K3s is a lightweight Kubernetes distribution in which the core components are packaged into a single binary. The only way to accomplish a Control Plane promotion in K3s is by doing a backup & restore of the embedded SQLite datastore.

These instructions are intended for administrators using the default embedded SQLite. There will be some downtime (~15 min). A zero downtime promotion is possible but would require an external DB.

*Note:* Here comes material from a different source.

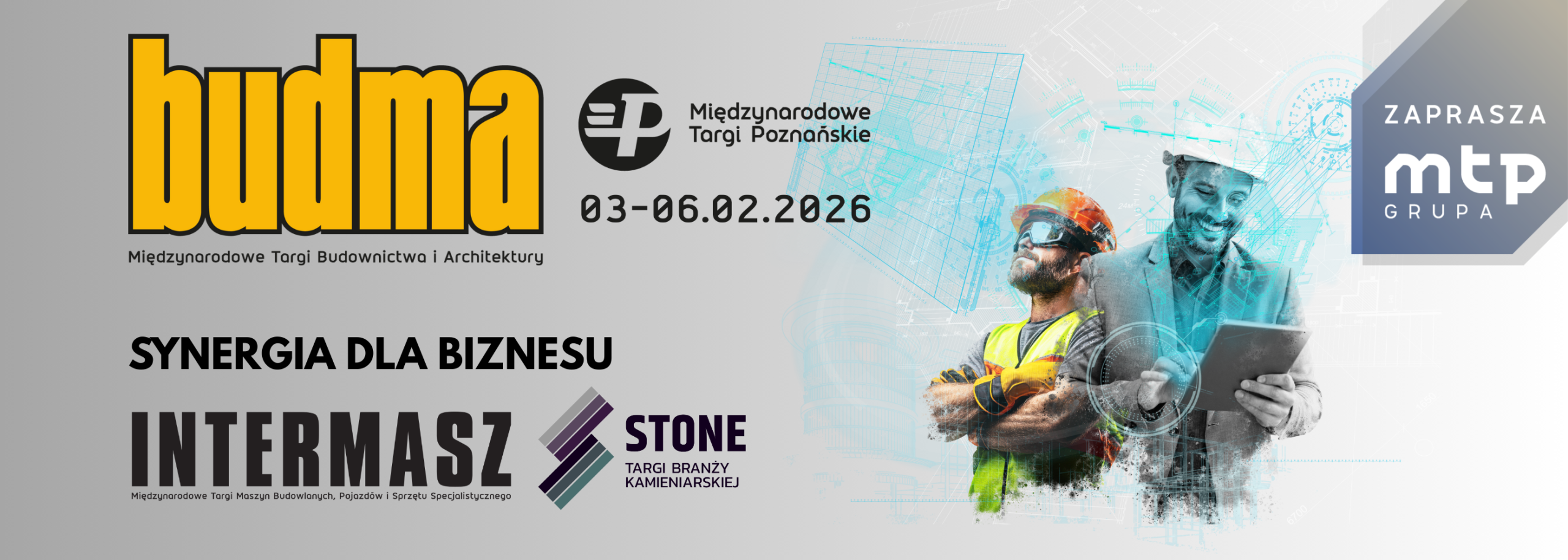 Targi BUDMA odbędą się w dniach 3-6 lutego 2026. Towarzyszyć im będą: Międzynarodowe Targi Maszyn Budowlanych, Pojazdów i Sprzętu Specjalistycznego INTERMASZ, Rozwiązania dla Budownictwa Infrastrukturalnego INFRATEC oraz Targi Branży Kamieniarskiej STONE.

Why I Needed to Make A Different Node the Control Plane

I was running my cluster on 2 Raspberry Pi’s with MicroSD cards. For those unaware, Kubernetes is relatively write-heavy and even the high-endurance SD cards will give out after a year or so. I was running my cluster on a ticking time bomb and an unexpected SD card failure would mean a total rebuild.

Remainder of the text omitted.